With pictures excluded, output exactly the lines that run from the first line of the data below through the line containing "Camiseta Francia Warren".
-- Provided data follows --
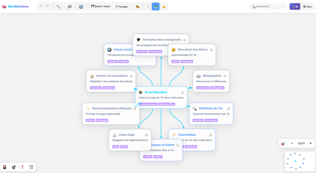 Mindmaclasse (https://apps4edu.fr/mindmaclasse/) génère des cartes mentales à partir d’une instruction ou d’un document ainsi que des exercices pour réviser (quiz,...
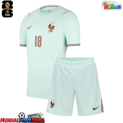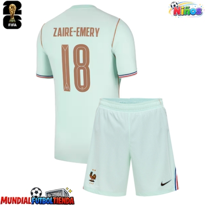 Camiseta Francia Warren Zaire-Emery #18 Segunda Equipación Replica Mundial 2026 para niños mangas cortas (+ Pantalones cortos)
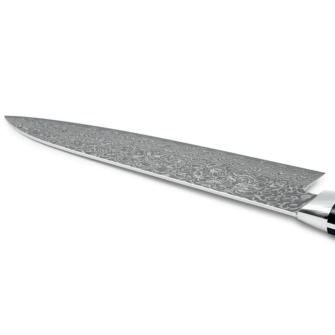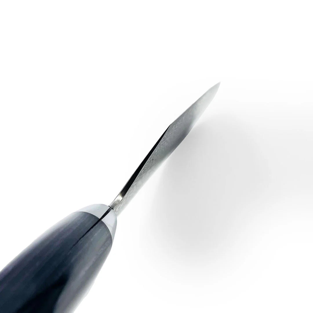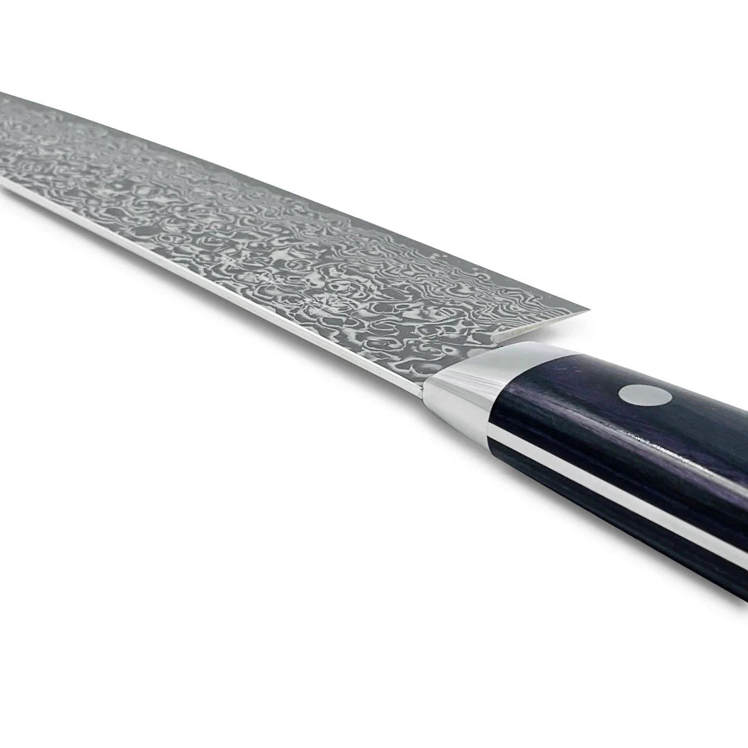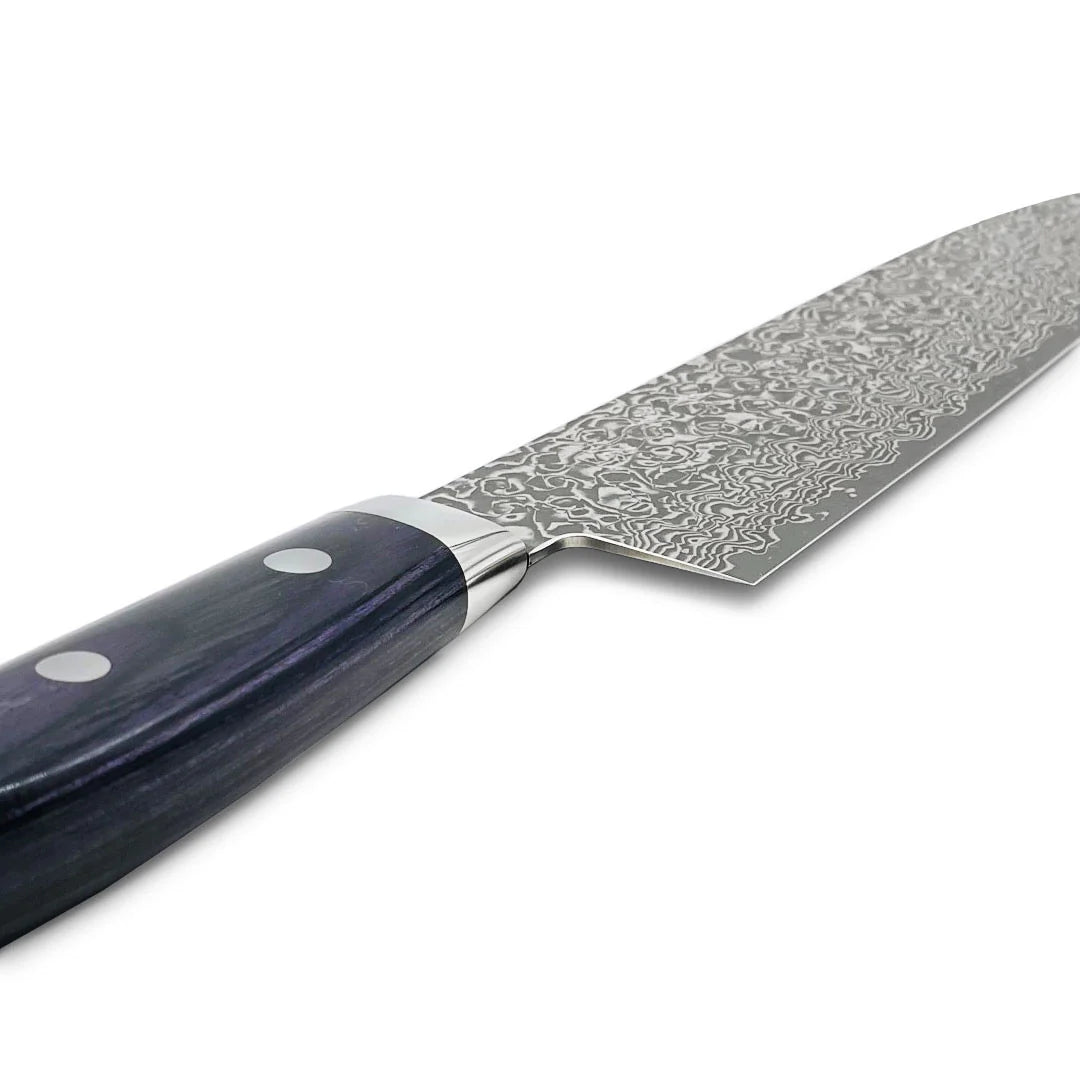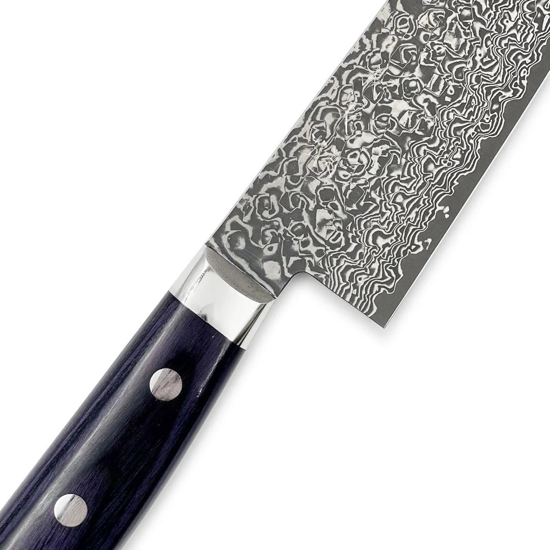 This VG-10 Nickel Damascus Gyuto knife, with a 180mm (7.1") blade, offers a perfect balance of precision and durability. Its beautiful dark purple handle adds a touch of elegance, while the high-quality VG-10 core ensures excellent sharpness and edge retention. Ideal for both professional chefs and home cooks, this knife is designed for effortless slicing, dicing, and chopping, making it an essential tool for any kitchen.
-- Provided data concluded --
Response to this task ->
 Mindmaclasse (https://apps4edu.fr/mindmaclasse/) génère des cartes mentales à partir d’une instruction ou d’un document ainsi que des exercices pour réviser (quiz,...
 Camiseta Francia Warren Zaire-Emery #18 Segunda Equipación Replica Mundial 2026 para niños mangas cortas (+ Pantalones cortos)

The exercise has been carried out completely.